ROCVFeb 6, 2023

Perception Datasets for Anomaly Detection in Autonomous Driving: A Survey

arXiv:2302.02790v225 citationsh-index: 10
AI Analysis

This work addresses the need for comprehensive datasets to evaluate anomaly detection methods in autonomous driving, but it is incremental as it surveys existing data rather than introducing new methods or datasets.

This survey tackles the problem of limited data for training deep neural networks in autonomous driving perception systems, which are unreliable with unseen instances, by providing a structured overview and comparison of existing perception datasets for anomaly detection, categorized into real anomalies, synthetic anomalies, and synthetic scenes.

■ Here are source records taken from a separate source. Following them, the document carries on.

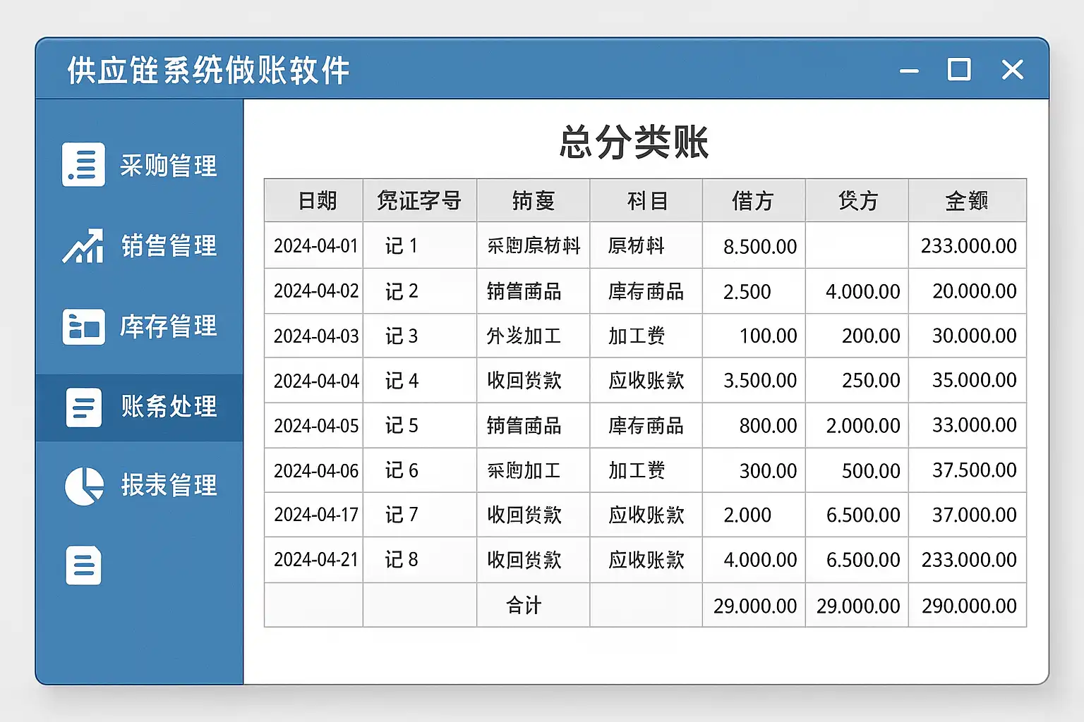 供应链系统做账软件通过自动化处理采购、库存和销售数据,显著提升财务管理效率。具体功能包括: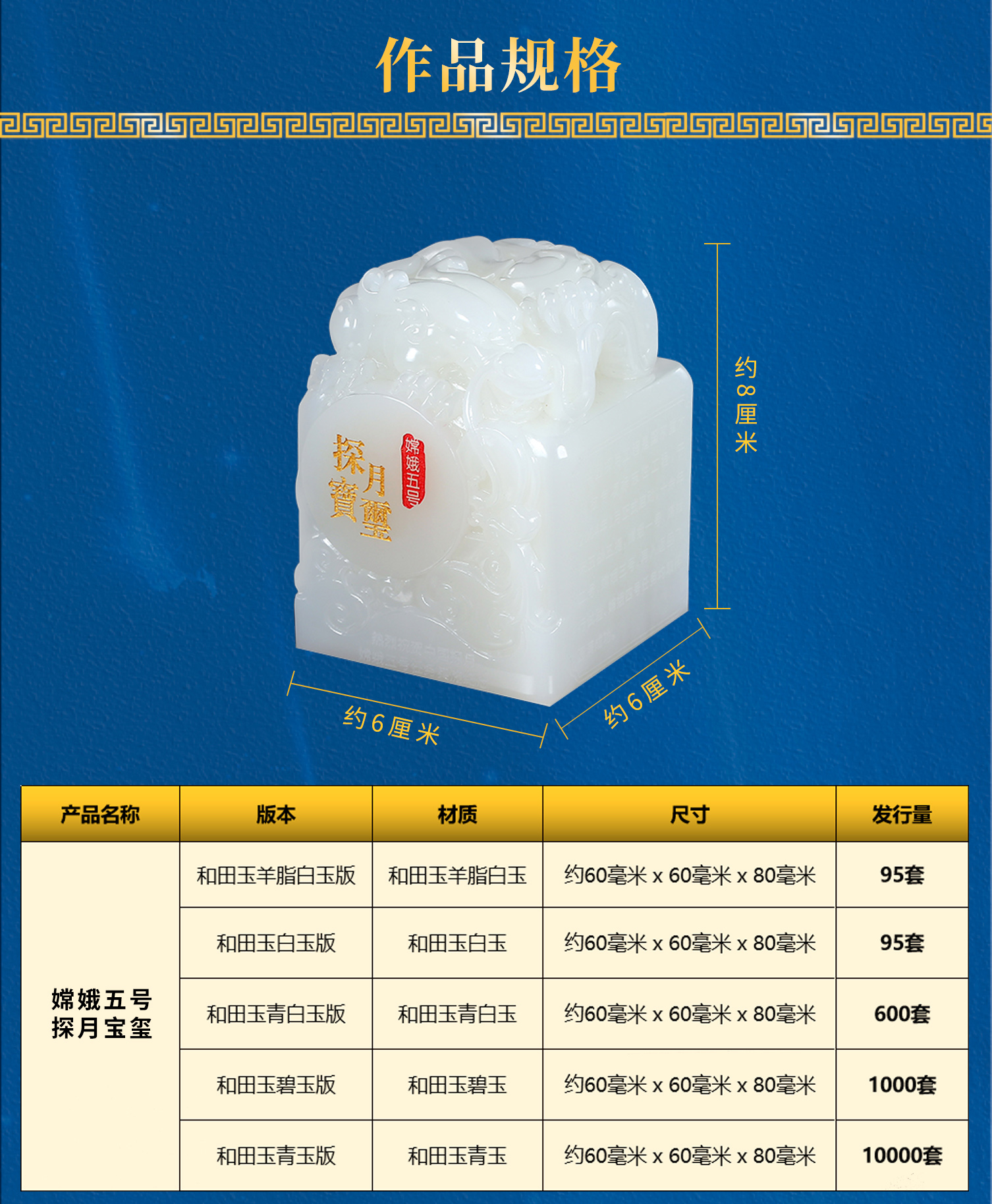 【中藝堂】 郭鸣、孟庆东、冯延明、徐瑞卿《嫦娥五号探月宝玺》白玉版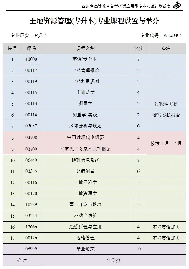 四川省土地资源管理专业自考本科统考科目考试计划: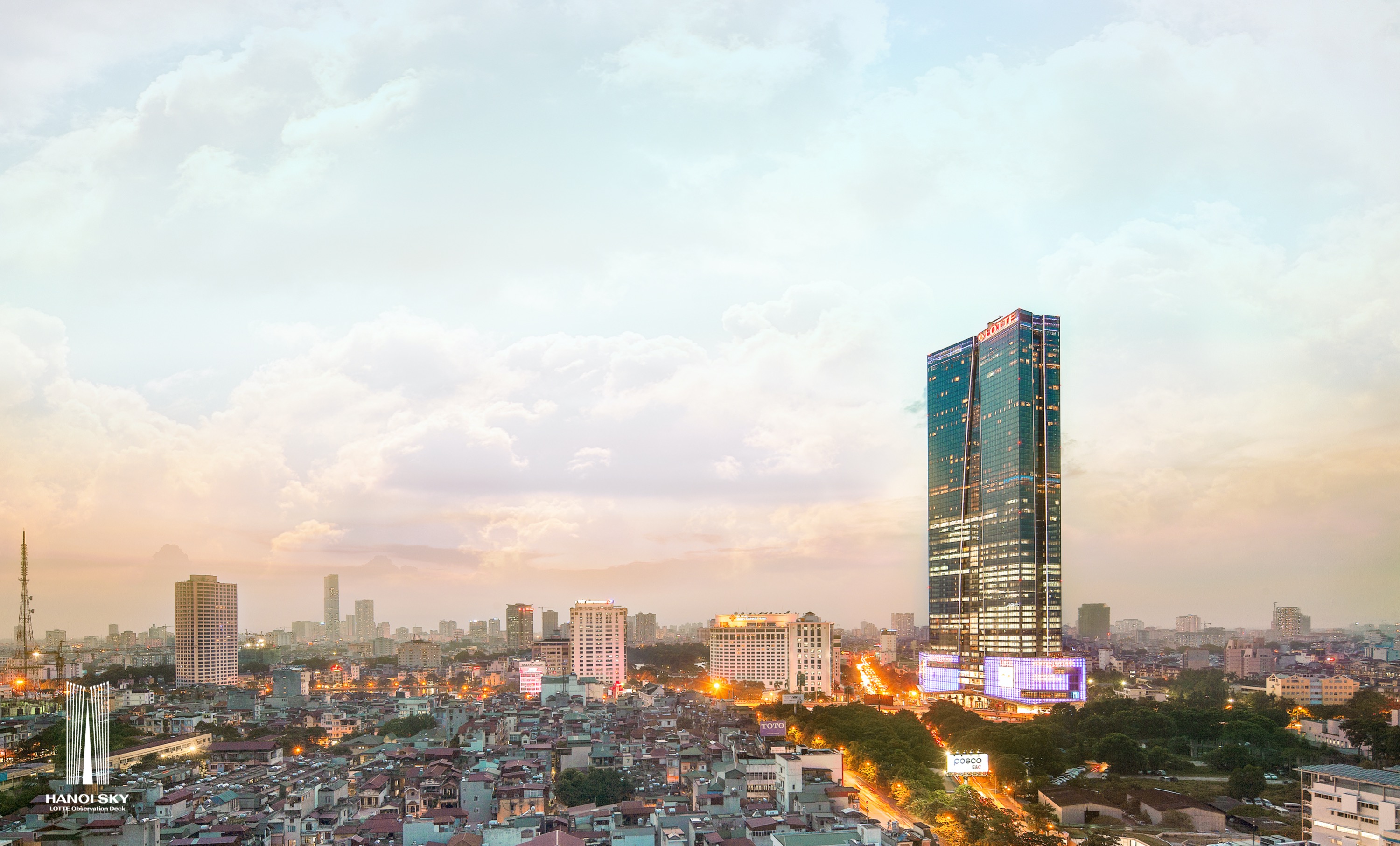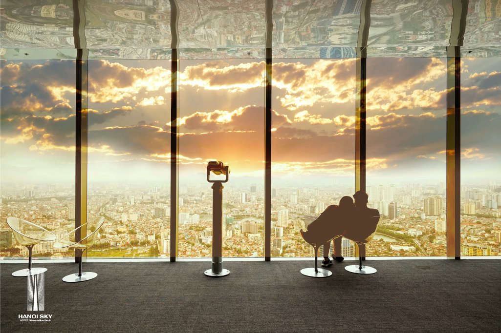乐天河内天空观景台也是与朋友和亲人一起见证日落或在城市灯光照亮夜晚时欣赏闪闪发光、迷人的河内的理想场所。

Deep neural networks (DNN) which are employed in perception systems for autonomous driving require a huge amount of data to train on, as they must reliably achieve high performance in all kinds of situations. However, these DNN are usually restricted to a closed set of semantic classes available in their training data, and are therefore unreliable when confronted with previously unseen instances. Thus, multiple perception datasets have been created for the evaluation of anomaly detection methods, which can be categorized into three groups: real anomalies in real-world, synthetic anomalies augmented into real-world and completely synthetic scenes. This survey provides a structured and, to the best of our knowledge, complete overview and comparison of perception datasets for anomaly detection in autonomous driving. Each chapter provides information about tasks and ground truth, context information, and licenses. Additionally, we discuss current weaknesses and gaps in existing datasets to underline the importance of developing further data.